EXERCISE INSTRUCTIONS: Give again, word for word, only the lines of the material below from its first line through the one that holds "[런던=AP/뉴시스] 토트넘 홋스퍼의"; pictures stay out.

RECORDED DATA:
<<<<

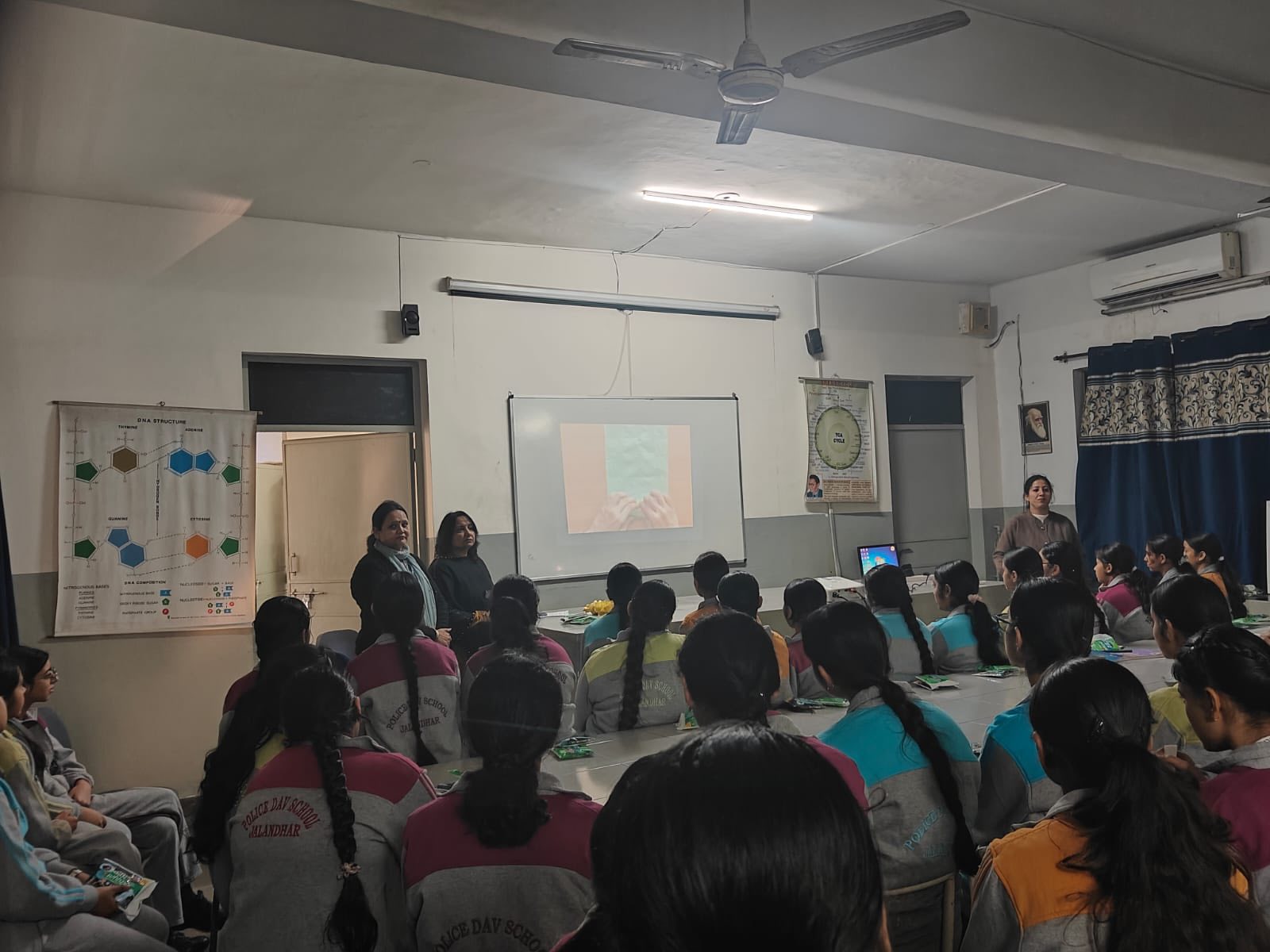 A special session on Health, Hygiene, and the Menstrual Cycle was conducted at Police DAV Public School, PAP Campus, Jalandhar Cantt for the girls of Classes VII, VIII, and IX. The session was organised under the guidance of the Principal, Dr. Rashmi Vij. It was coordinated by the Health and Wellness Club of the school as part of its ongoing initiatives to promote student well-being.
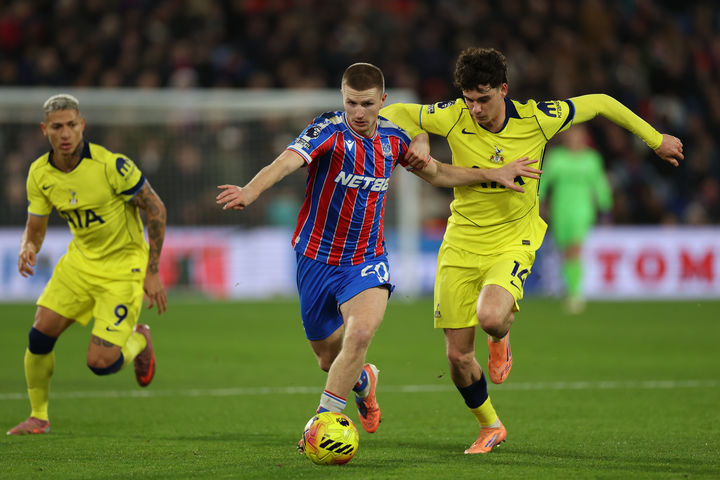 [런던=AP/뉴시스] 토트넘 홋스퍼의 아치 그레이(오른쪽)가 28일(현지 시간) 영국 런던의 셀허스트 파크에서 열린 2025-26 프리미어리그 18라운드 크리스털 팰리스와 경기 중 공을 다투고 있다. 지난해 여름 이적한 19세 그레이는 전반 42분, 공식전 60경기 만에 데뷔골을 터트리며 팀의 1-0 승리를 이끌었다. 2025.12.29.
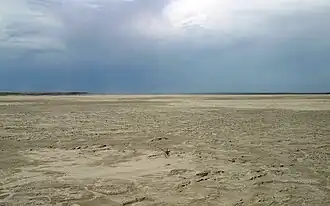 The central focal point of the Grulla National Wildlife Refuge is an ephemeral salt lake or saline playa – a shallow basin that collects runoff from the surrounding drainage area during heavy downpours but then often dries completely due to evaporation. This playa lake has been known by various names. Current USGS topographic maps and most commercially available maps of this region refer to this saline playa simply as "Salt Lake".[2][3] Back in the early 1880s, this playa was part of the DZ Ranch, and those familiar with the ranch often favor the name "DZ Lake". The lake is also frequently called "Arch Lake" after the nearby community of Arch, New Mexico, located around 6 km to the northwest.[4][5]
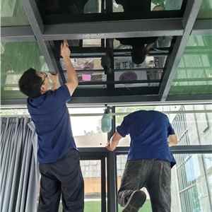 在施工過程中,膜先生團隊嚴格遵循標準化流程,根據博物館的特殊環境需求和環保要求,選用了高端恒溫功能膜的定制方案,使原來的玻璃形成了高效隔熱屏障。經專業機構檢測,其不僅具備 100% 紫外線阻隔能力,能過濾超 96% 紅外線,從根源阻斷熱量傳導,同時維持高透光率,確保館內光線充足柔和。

>>>>

SOLUTION TO THIS TASK:
 A special session on Health, Hygiene, and the Menstrual Cycle was conducted at Police DAV Public School, PAP Campus, Jalandhar Cantt for the girls of Classes VII, VIII, and IX. The session was organised under the guidance of the Principal, Dr. Rashmi Vij. It was coordinated by the Health and Wellness Club of the school as part of its ongoing initiatives to promote student well-being.
 [런던=AP/뉴시스] 토트넘 홋스퍼의 아치 그레이(오른쪽)가 28일(현지 시간) 영국 런던의 셀허스트 파크에서 열린 2025-26 프리미어리그 18라운드 크리스털 팰리스와 경기 중 공을 다투고 있다. 지난해 여름 이적한 19세 그레이는 전반 42분, 공식전 60경기 만에 데뷔골을 터트리며 팀의 1-0 승리를 이끌었다. 2025.12.29.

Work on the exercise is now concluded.